Prenez l’audace du styliste Dino Alves, mélangez avec les couleurs flashy du duo angolais Mental, servez à un parterre enthousiaste, et vous avez la recette d’une fin de semaine de Mode à Lisbonne plutôt réussie. Un bon coup de pied dans le marasme ambiant.

Modalisboa est la première fashionweek organisée après les grands défilés européens : Milan Paris, Londres… Cette semaine de la mode à Lisbonne n’en a pas la dimension, mais la qualité des défilés et l’audace des créateurs qui se surpassent dans un univers très concurrentiel a de quoi réchauffer les esprits les plus chagrins. Comme la clôture de l’événement, dimanche 14, confiée à  Dino Alves.

Aussi  talentueux styliste que vrai créateur d’évènement, surnommé « l’enfant terrible » (en français) parce qu’il aborde le vêtement à la façon de Jean-Paul Gaultier (première époque), Dino Alves est la coqueluche du public pour ses défilés différents et provocants. Cette fois encore, Dino a fait son show : une déferlante d’athlétiques mannequins hommes pour présenter des vêtements faits pour les femmes, mais empruntant tout ou presque à la garde-robe masculine : chemise, cravate, veste, pantalon. Perruques évoquant la cour de Louis XIV, chaussures de marquis assorties, pour faire chalouper à l’extrême les mannequins. Dans une ambiance survoltée, et à un rythme effréné, les mannequins sont ensuite revenus sur la « passerelle » pour un dernier passage, munis d’un mouchoir blanc pour se démaquiller. Une inspiration empruntée à l’univers du Tabuki, le théâtre japonais.

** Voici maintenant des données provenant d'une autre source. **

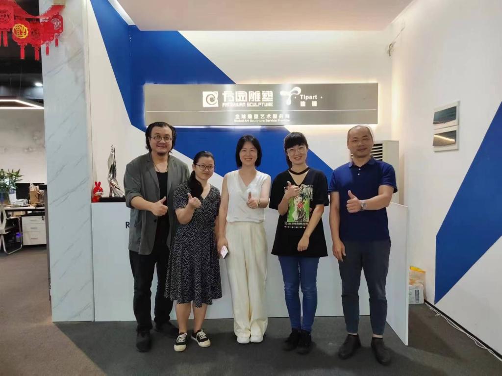 学院一行四人在平行线宝珍堂(广东)国际文化艺术有限公司董事长彭文斌、广东方园时尚雕塑有限公司总经理何礼的带领下参观了两个公司的工作环境,并对有关人才培养、校企合作、就业岗位实习等问题进行了交流探讨。交谈中,王伟江主任介绍了西安外事学院的学院特色、专业设置以及学生规模等情况。公共艺术教研室主任陈姝墨介绍了公共艺术专业人才培养概况,以及专业相关课程的建设情况。陈姝墨主任希望能够利用企业在实践中积累的经验,为学生开展学习讲座,校企之间通过实践项目竞赛等实现校企合作育人的目的。

A peine remis de ses émotions, le public enthousiaste et séduit a assisté au défilé de « Mental », un  duo de créateurs angolais. Débauche de couleurs, mise en scène burlesque, et style afro-occidental,  Tekasala et Shunnoz n’avaient encore jamais montré leur travail hors d’Angola. L’Africain vu par les blancs, ou l’africain vu par les autres africains, le sage, le fou, le m’a-tu-vu et sa jolie femme, le marché et ses couleurs bigarrées, les bassines pleines de légumes et de fruits, et sur les vêtements le même épanchement de couleurs. Au point d’ailleurs de faire des costumes bicolores, gris vert et rose flashy, tranchés napolitains. Une dualité destinée à évoquer tous les drapeaux que l’africain immigré promène avec lui, celui de son pays et celui de ses terres d’accueil. Un « Mental » d’acier pour un défilé franchement drôle, plus piquant qu’original et qui veut se servir du Portugal – pays frère – comme d’un tremplin potentiel vers d’autres marchés. L’Angola vit un développement économique important et veut désormais exporter de plus en plus de « talents » et non plus seulement de la main-d’œuvre bon marché. A l’exemple de l’agence « Xiiks » (prononcez « chic’s) à l’origine de l’évènement.

Modalisboa la vitrine branchée du Portugal

La semaine de la mode de Lisbonne et celle de Porto sont les fers de lance d’une industrie textile qui est encore aujourd’hui l’un des piliers de l’économie portugaise. Elle représente 3% du PIB, et près d’un million d’emplois directs ou indirects, tous secteurs confondus (Vêtements, Tissus et accessoires, Maison et décoration). Dans un pays où le chômage atteint 10,5% de la population, le secteur textile est lui particulièrement touché, avec 15 % de taux de chômage, et des bassins d’emplois sinistrés. En 2009, l’état a débloqué une enveloppe de  850 millions d’euros  pour un plan d’aide à l’industrie de la mode (incluant la chaussure) passant par le financement, les exportations, la modernisation technologique et la promotion extérieures de ces secteurs. Modalisboa n’est dans ce contexte qu’une infime partie d’un iceberg fondant lentement sous les coups répétés de la mondialisation. La semaine de la mode, rendez-vous bi annuel pour les collections été et hiver est revenue dans le centre de la capitale portugaise après un « exil » logistique à Cascais, à 25 km de Lisbonne. L’évènement veut tisser des liens avec le MUDE le musée de la mode et du design, lui-même situé non loin du quartier branché du Bairro Alto où s’installent les designers et les créatifs contemporains. Une nouvelle synergie pour tenter d’enrayer la fuite en avant du secteur ? Sur les rives du Tage ont croit dur comme fer que « l’espérance est toujours la dernière à mourir ».